After three years of institutional overlap with the university, the WCSA officially closed in 1963 and the campus entered its third phase as the Morris campus of the University of Minnesota (UMM). Reflecting the expansion of accessibility to higher education then occurring across the country, the Morris campus was envisioned as a public liberal arts college—offering an affordable experience of the scale, small classes, and liberal arts curriculum of the best private colleges. UMM still serves this role today.
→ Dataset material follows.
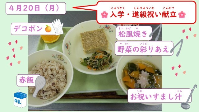 本日の給食は少し遅くなりましたが「入学・進学お祝い献立」です。
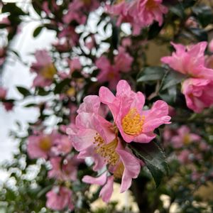 今日のお花🏷𓈒𓏸︎︎︎︎サザンカ🌸 急ぎ足🚶♀️で駅に向かういつもの通勤路。日差しを求めてブロックの上に枝葉を張ったサザンカが満開🌸 数日後、隣合った濃いピンクの八重咲きも開花 11月18日22日📸武蔵野市西久保付近

The establishment of UMM brought funding for new buildings by some of Minnesota’s most noted modern architects. Ralph Rapson, FAIA the Dean of the University of Minnesota’s School of Architecture, designed the Humanities-Fine Arts Building (HFA) with towers for light wells and fly-spaces evoking an Italian hill town. The noted Minneapolis firm Cerny Associates designed the Food Service Building and a power plant with a sharply angled roof. In the early 2000s, the campus received a Campus Heritage Grant from the Getty Foundation to study its layered architectural history and its extraordinary laboratory landscape, designed for plant and windbreak research and hardiness testing.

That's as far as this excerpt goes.